A, a, B and b correspond to the signals in Figure 3. ^aMolecular masses calculated for a one base substitution (C→G).

Figure 3.

Negative ESI ion trap MS analysis of the STR locus HMS3 from several individuals. The PCR product in (a) is derived from a homozygous individual. In (b)–(d) amplification products are derived from different heterozygous DNA samples. All samples were amplified using Pfu (exo^–) DNA polymerase and were purified by reversible immobilization on magnetic particles. A and B, sense (+) strand; a and b, antisense (–) strand; * and #, PCR artefacts.

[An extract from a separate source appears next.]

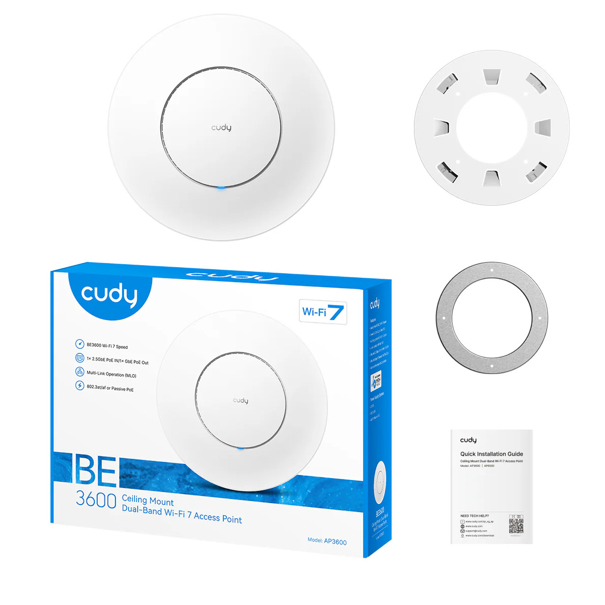 BE3600 Dual Band Ceiling Mount Wi-Fi 7 Access Point, 1 x 2.5G RJ45 Port, PoE or Passive PoE, 12V DC adapter included, Cudy Mesh Support

The ESI ion trap results shown in this work clearly demonstrate the applicability of this technique to the analysis of polymorphic STRs. Encouraging genotyping results have been obtained using a novel magnetic bead purification method prior to ESI ion trap MS. Sufficient resolution and mass accuracy has been achieved to allow reliable determination of the number of repeats for dinucleotide repeat sequences as well as identification of genetic variations.

CONCLUSIONS

The analysis of polymorphic STR loci for genotyping by ESI ion trap MS has been demonstrated for the first time. A novel approach for purification of the PCR-amplified STR loci prior to mass spectrometric analysis, which relies on reversible immobilization of the PCR products to magnetic particles, proved to be very effective for separation of PCR products from salts, buffers, surplus dNTPs and oligonucleotide primers. Furthermore, since only simple pipetting and magnetic separation are involved, this clean-up procedure is amenable to fully automated handling. The two complementary strands of each PCR product were detected separately with a mass resolution and accuracy adequate for correct determination of the different allele sizes obtained for the dinucleotide repeat sequences of the selected equine STR loci. In addition, a single base substitution (C→G) between the sense and antisense strands within the sequence of STR locus HMS3 could be identified. Thus, ESI ion trap MS in combination with the novel magnetic bead purification approach is a promising alternative for STR-based genoytping compared to instruments capable of high resolution (e.g. ESI-FTICR MS) or high throughput (e.g. MALDIMS).